Britain remains, officially, as committed to the Protestant expression of Christianity as it did under Henry
VIII who desolved such monasteries. Queen Elizabeth remains head of the Church and the Pope no longer has
any say in the political manoeuvrings in the affairs which governs this country. Yet we seek, as a nation,
to preserve these monuments to a Roman Catholic form of belief and practice, and are proud to do so!.
Why? Can it purely be because they are part of our history, that which made us what we are today? Can
it be that such ruins represent styles of architecture which need to be preserved? Here, true, is history.
Here, true, is the splendid architecture of the 13-15th centuries set in an incomparable setting. Here,
true, is the way mediaeval monasteries operated. That, in all probability, is what the conservationists
would have us believe.
THE UNDERLYING
MEANING OF TINTERN ABBEY
But that is not all which binds us to
such a site and such imperatives do not need the preservation of such monuments. There remain many whole
examples of such buildings and architecture that these ruins retain relative unimportance. I believe,
however, that another dimension is involved in our wish to preserve these monuments. One merely needs to
visit Tintern to understand why this could never be abandoned. Much of humanity is possessed of a soul which
operates often unwittingly and beyond knowing conception, and which is aware, therefore, of another and
spiritual dimension which oozes from such sites. Humanity is possessed of many attributes, not all of which
are clearly defined, let alone understood. In our recent past Tintern has evoked deeper feelings thanks to our
education system. Inevitably, at this point, one invokes Wordsworth and his poem:
"For I have learned
To look
on nature, not as in the hour
Of thoughtless youth; but hearing often times
The still, sad
music of Humanity,
Nor harsh nor grating, though of ample power
To chasten and subdue. And I
have felt
A presence that disturbs me with the joy
Of elevated thoughts; a sense sublime
Of something far more deeply interfused,
Whose dwelling is the light of setting suns,
And the
round ocean and the living air,
And the blue sky, and in the mind of man:
A motion and a
spirit that impels
All thinking things, all objects and all thought,
And rolls through all
things."
WORDSWORTH AND 'NEW AGE'
VALUES
For me Wordsworth was a progenitor of New Age
philosophy (as well as modern scientist with his view of an interconnected Universe!). Through his
imagination, meditation and insight he recognised the true value of Tintern, which is as alive today
as it was in his time, indeed as it was in the minds of those who gave birth to Tintern, and
probably, however unwittingly, in the minds of those who decided on its present form of
conservation.
So what is this ephemeral spiritual truth? No less than the harmony of God
and Humanity through the spiritual use of natural space and human architecture conditioned by
liturgy, the unification of human endeavour to expose a spiritual presence within the ordered world
of God’s creation. The harmony of the architecture to the surroundings of the Wye valley, the
feelings of a presence within the site, all the address this truth.
If one is sensitive
enough there remains an otherness about traversing these remains. Whatever the excesses in Church
practices which the Reformation sought to destroy, the patina of true spirituality and endeavour
remains forever etched in the stones of these buildings. Even if sensitivity is absent there remains
vague feelings of peace and otherness leading to a great relaxation.
So, what physically
happens? A great slowing of mind and heartbeat coupled with a feeling of timelessness, not of an
ethereal eternity but a human timelessness based upon an expansion of one’s being to encompass our
own meagre concept of past, present and future conditioned by the form and beauty of the ruins and
its setting, a stillness born of being within a site which is so ‘other’ in terms of time and space
that we possess no finite handle with which to either confine or define it.

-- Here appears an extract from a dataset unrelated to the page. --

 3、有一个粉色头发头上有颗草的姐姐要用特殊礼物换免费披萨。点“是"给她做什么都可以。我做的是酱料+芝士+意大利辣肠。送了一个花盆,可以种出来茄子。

THE LITURGY OF SILENCE IN SUCH REMAINS UNITES HUMANITY
TO GOD
Its very silence is an expression of true liturgy,
that attempt at union between humanity and God. It is devoid of those devices which would colour or
restrict our communion with the divine, the poor expression of even poorer modern inclusive, bland,
committee-orientated liturgy, the dull meaningless sermon, the need for modern ‘songs from the
shows’ hymns and anthems, or the need to express Christianity as a modern, socially aware construct.
Even cathedrals fall prey to this in their desire to fulfil the inclusive nature of their worship
but based upon ‘sound’ middle-class principles of a quasi non-confrontational ‘everyone in their
proper place’ in terms of liturgy, chapter membership, outreach, even expressions of music. So often
we are presented with the expressed finitude of our existence where the very political, liturgical
and social babble of the limited and transient nature of the human persona clouds the spirituality
of God’s creation in terms of nature and our use of its building blocks.
True, Tintern
probably once possessed this and in abundance, but this has been stripped away. We are no longer
aware of such human tensions which have existed throughout all finite existence. All we are left
with is the expression of aspirations, those of the founder and those of the builders, the
interdependence of their aspiring stone and God's gift of nature, but with a subtle difference.

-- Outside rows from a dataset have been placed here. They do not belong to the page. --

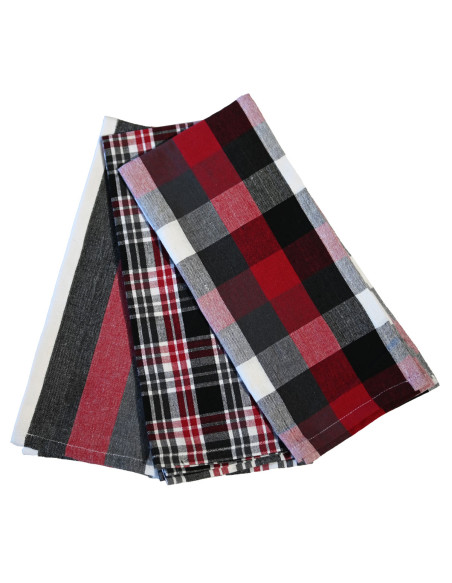 Profitez de ce lot de 12 torchons de cuisine assortis GLASGOW. En 100% coton pour une parfaite absorption, ce lot est composé de 4x1 torchon à rayures, 4x1 en carreaux et 4x1 en motif écossais, avec un choix de coloris.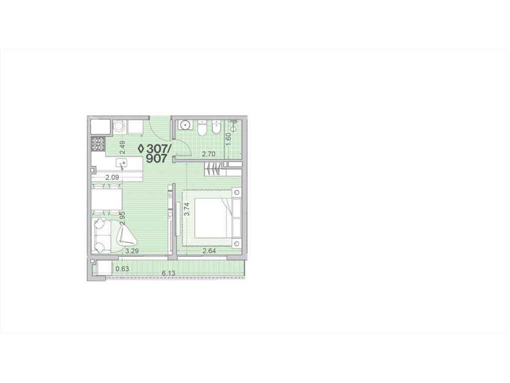 Living comedor con terraza, cocina integrada, 1 dormitorio y 1 baño completo.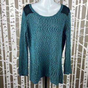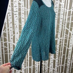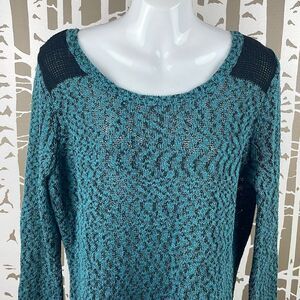 Teal & Black Tie Back Sweater Plus sz 1. Features a loose knit, semi-sheer cotton blend in shades of teal and black with some subtle shiny black threading woven in, boat neckline with V in the back and a knitted tie across the shoulders, banded ribbed knit neckline, cuffs & hemline, longer fit. Gently worn and laundered with some light pilling/wash wear but no flaws to note.

The peace which pervades this place
invades the core of one’s being, that of prayer, of devotion, of worship, indeed of the
acknowledgement of a Divine principle which starts outside ourselves but which strikes an unsung
chord within our being. Subconsciously we resonate in tune with it. All else becomes meaningless to
us.
How can this inform us? Jeremiah had the answer. “Be still and know that I am God”.
It is within such stillness that we know our path to wholeness of being, the integration of all the
elements of our complex existence. And wholeness leads to spiritual awareness, and spiritual
awareness leads to God and our integration with the God-within. Only then do we become the complete
human beings which is our destiny. It has taken some 14 billion years to reach such an
understanding. How true is this search for each of us?

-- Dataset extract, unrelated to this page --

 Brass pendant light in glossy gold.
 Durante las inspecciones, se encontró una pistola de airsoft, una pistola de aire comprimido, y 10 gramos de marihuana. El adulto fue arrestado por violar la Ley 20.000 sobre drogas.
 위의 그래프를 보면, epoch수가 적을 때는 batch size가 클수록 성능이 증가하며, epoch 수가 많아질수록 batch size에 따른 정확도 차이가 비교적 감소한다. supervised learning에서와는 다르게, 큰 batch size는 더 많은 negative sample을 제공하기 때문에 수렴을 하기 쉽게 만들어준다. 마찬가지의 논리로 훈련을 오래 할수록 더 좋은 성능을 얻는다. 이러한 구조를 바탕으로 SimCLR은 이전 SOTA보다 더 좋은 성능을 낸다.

Immediately I hear the cry, “what
about music, art, literature, liturgy, the socially cohesive message of the gospels, the forgiveness
of sins, the need for redemption and to accept Jesus as our saviour”, in fact the whole panoply of
modern Christianity?
Again: “Be still and know that I am God”. God alone remains for us,
as for Jesus, the focal point of our journey, our search for the meaning of the universe. All else
is the outward expression of our physical and cultural diversity, states of existence necessary to
our physical, emotional and psychological well-being on earth, yet mere props of our preparation to
communion with our God. Yes, we may be inspired by outward artistic expressions of faith, the music,
art, architecture, literature and liturgy which elevates us. Yes, we may feel the injustice of
poverty and third world debt. Yes, we may feel the need for redemption, for a cathartic sense of
forgiveness. All these may lift us from an earthly to a heavenly plane, but once there they have to
stop, be silenced. Ultimate communion with God is on a one to one basis where we are stripped bare
of such trappings of our finite existence, stripped bare of our emotions and all feelings generated
by our physical existence. Tintern reigns in such expression.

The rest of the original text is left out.